Other events, such as the company’s Valentine’s Day and Father’s Day sales have fallen short of expectations.
“We have mechanisms for measuring our promotions and most importantly capturing customer feedback,” Jolley says. “It seems like every month we get a little bit better at providing the types of promotions that our customers actually value.”
According to Dan Zarrella, the director of marketing for The Source, one of those mechanisms is testing the efficacy of the event by starting small.
“I’d rather do testing on a small enough scale that the fallout if it fails isn’t that big,” Zarrella says. “Generally, when we’re blowing something up into a 10-day event, it’s been through testing and we know it works and what to expect out of it.”
Feedback from events can come in a variety of ways: through marked coupons, on social media and during daily transactions with the store’s staff. Having several optimized channels of communication with customers is another mechanism The Source uses to measure the success of its events. It is also the primary way the company advertises them.
Getting the Word Out
Like everything in the cannabis industry, advertising restrictions vary from state to state, so promoting events can be a challenge.
Physical advertisements for an in-store event should start at the store’s location and spread outward. Retail employees who have face-to-face interactions with customers are the first line of marketing for an event. From there, signs and flyers should be posted in the window, on the counter and throughout the store. Contact neighboring businesses to see if they will display the flyer in their window. Many cannabis stores in the Seattle area create coasters advertising the store and give them to local bars and nightclubs.
Digital advertising seems to have two categories: social media and everything else. Although social media may not be the most reliable platform for cannabis companies to reach consumers — due to frequent and random account closures — it’s also one of the easiest ways to advertise in-store promotions. According to Zarrella, in-store promotions advertised on social media should: target the ideal audience; be altered for each platform; clearly denote the promotion on the image and in the description; and feature people.
“It’s called social media because we’re there to interact with people,” he says.
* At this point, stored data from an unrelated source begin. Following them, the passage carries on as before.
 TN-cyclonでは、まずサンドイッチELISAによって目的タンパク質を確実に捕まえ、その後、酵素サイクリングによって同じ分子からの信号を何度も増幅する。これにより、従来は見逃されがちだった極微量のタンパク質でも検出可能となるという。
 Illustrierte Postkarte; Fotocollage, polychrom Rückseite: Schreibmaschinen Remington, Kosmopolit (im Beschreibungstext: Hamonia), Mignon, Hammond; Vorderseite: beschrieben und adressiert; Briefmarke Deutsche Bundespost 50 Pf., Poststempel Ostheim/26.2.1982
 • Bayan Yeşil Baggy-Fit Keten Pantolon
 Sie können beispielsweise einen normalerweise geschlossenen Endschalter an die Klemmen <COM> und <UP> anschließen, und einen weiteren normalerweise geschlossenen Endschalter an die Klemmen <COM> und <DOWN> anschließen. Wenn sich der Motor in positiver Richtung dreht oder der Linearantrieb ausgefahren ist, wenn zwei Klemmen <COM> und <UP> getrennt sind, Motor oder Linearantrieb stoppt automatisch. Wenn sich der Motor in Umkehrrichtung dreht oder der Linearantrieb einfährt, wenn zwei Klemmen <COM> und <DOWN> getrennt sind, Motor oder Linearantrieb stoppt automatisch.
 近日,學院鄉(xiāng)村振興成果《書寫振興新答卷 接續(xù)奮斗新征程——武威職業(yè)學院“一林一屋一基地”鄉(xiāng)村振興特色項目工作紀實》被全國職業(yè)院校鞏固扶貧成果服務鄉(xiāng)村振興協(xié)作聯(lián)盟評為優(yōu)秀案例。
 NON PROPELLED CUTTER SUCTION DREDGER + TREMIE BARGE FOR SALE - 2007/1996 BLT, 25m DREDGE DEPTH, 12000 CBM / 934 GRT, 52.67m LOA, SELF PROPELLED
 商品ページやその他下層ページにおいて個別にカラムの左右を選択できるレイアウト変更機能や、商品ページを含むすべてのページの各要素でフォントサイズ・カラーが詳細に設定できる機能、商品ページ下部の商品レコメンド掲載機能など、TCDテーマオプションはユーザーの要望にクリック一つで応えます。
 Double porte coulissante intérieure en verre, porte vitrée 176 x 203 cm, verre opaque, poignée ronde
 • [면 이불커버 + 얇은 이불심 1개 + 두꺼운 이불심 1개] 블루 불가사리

The Source enlists employees to star in the company’s social media posts. Featuring actual employees not only saves the company’s marketing budget for other promotions but also breeds familiarity between the staff and the customers, Zarrella says.
Since many in-store promotions feature a variety of different companies, vendors can be trusted to promote the event through their own channels, he adds.
The same guidelines for social media should apply to the other forms of digital advertising such as web ads, email blasts and text messages: target the correct audience, clearly denote the promotion, be concise and play to the platform’s strengths. Text message alerts have limited character-space available, and oftentimes a lot of that space is devoted to the disclaimers the company is required to include. Emails can contain a plethora of content with few restrictions but can easily be missed or hamstrung by spam filters. Similarly, web ads can be flashy and eye catching, provided that they are not hidden by an ad blocker.
Store owners needn’t settle on a single avenue for promoting events. Zarrella says one of the most important rules for event promotions at The Source is to give the customers the choice of how they would like to be contacted.
“I want to give them every opportunity to select a channel that fits their life style,” he says. “Some people don’t want dispensaries texting them.”